(DATA FOR PROCESSING begins)

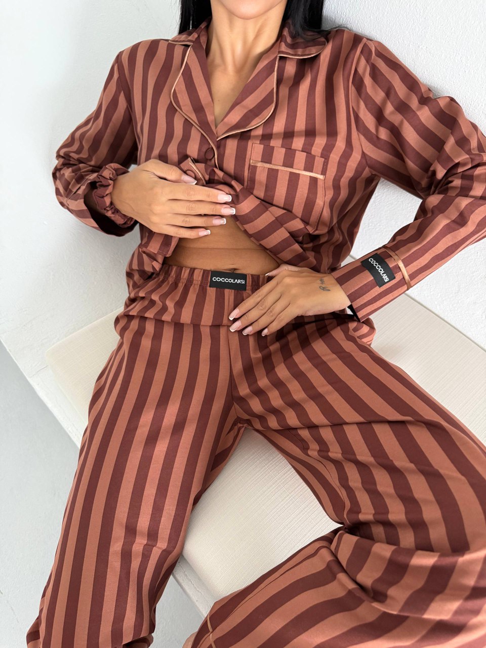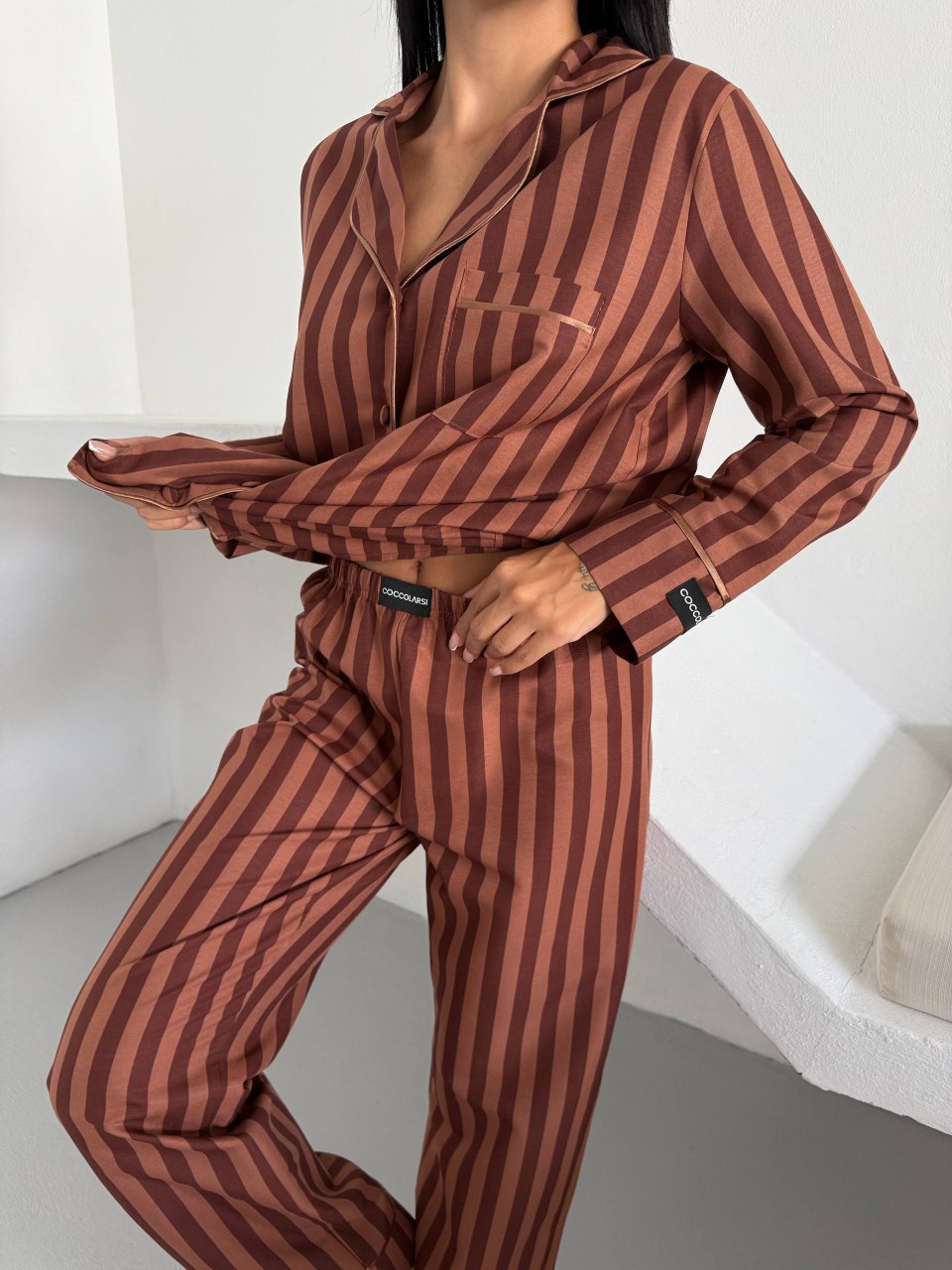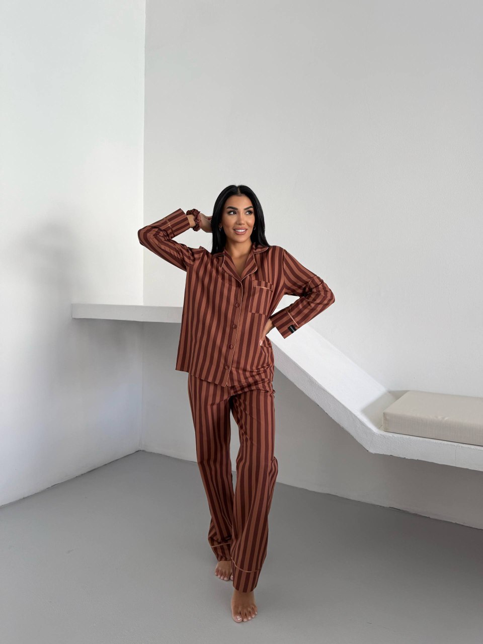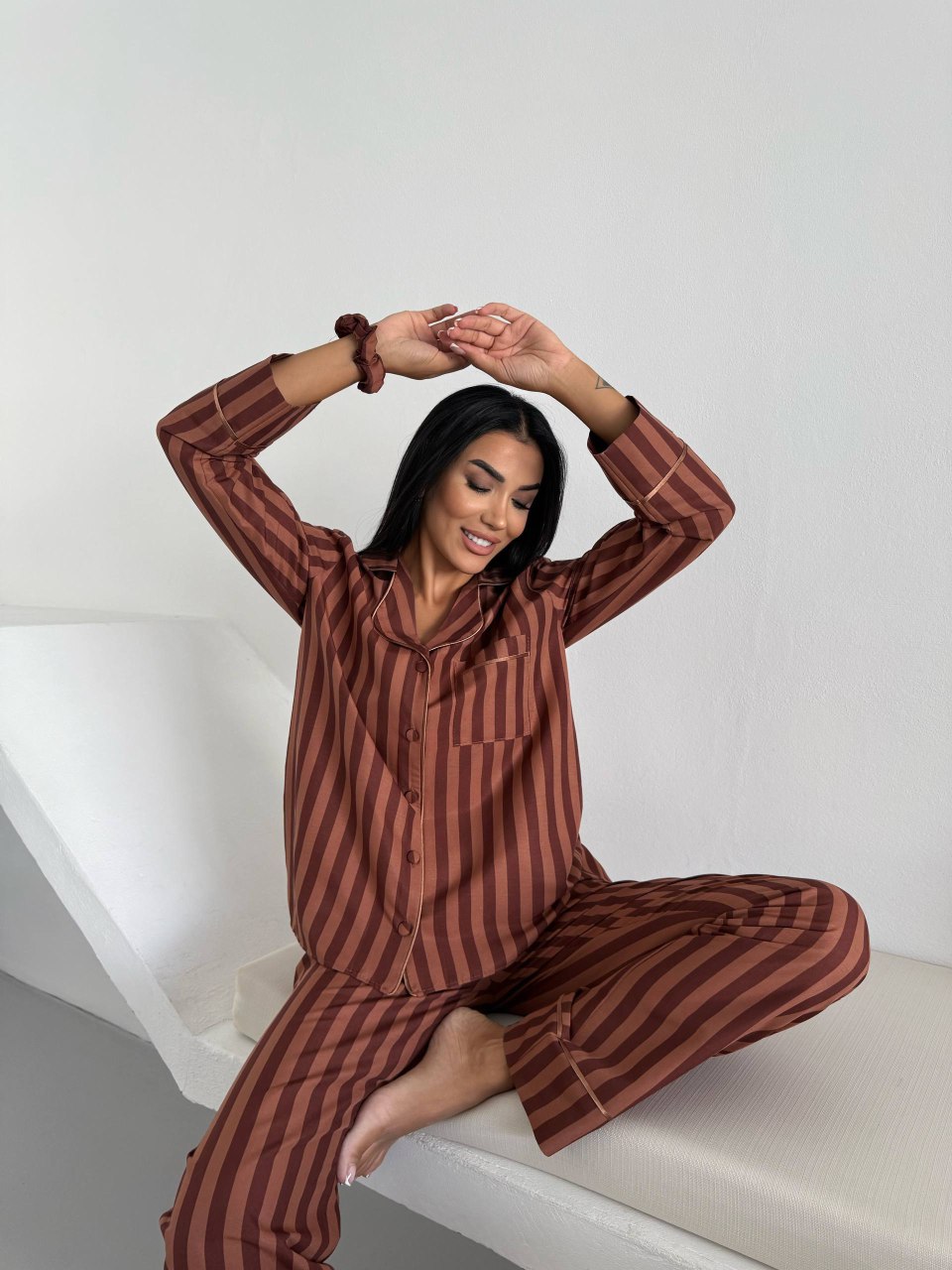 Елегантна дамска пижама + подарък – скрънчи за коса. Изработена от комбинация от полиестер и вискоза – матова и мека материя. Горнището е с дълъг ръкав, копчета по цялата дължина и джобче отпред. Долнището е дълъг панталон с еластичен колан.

(DATA FOR PROCESSING ends)
(DATA FOR PROCESSING begins)

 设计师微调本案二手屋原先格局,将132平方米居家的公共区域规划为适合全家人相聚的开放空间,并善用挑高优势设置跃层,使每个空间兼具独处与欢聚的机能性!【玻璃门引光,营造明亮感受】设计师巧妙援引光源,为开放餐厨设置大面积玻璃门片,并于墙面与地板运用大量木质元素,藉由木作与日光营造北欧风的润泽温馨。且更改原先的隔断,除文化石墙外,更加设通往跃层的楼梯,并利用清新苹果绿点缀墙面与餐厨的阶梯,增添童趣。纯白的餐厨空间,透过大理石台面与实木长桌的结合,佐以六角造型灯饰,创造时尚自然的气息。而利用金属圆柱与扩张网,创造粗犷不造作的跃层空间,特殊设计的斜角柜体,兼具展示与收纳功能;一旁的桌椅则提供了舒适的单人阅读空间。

(DATA FOR PROCESSING ends)
(DATA FOR PROCESSING begins)

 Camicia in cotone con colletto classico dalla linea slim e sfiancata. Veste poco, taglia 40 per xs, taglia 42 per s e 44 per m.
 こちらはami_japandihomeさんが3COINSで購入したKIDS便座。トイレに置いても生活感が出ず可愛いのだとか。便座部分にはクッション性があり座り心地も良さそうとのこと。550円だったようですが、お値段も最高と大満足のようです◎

(DATA FOR PROCESSING ends)

Give back, exactly as written, the stretch from the line with "Camicia in cotone" through the line with "こちらはami_japand", and no other lines from the records above.

 Camicia in cotone con colletto classico dalla linea slim e sfiancata. Veste poco, taglia 40 per xs, taglia 42 per s e 44 per m.
 こちらはami_japandihomeさんが3COINSで購入したKIDS便座。トイレに置いても生活感が出ず可愛いのだとか。便座部分にはクッション性があり座り心地も良さそうとのこと。550円だったようですが、お値段も最高と大満足のようです◎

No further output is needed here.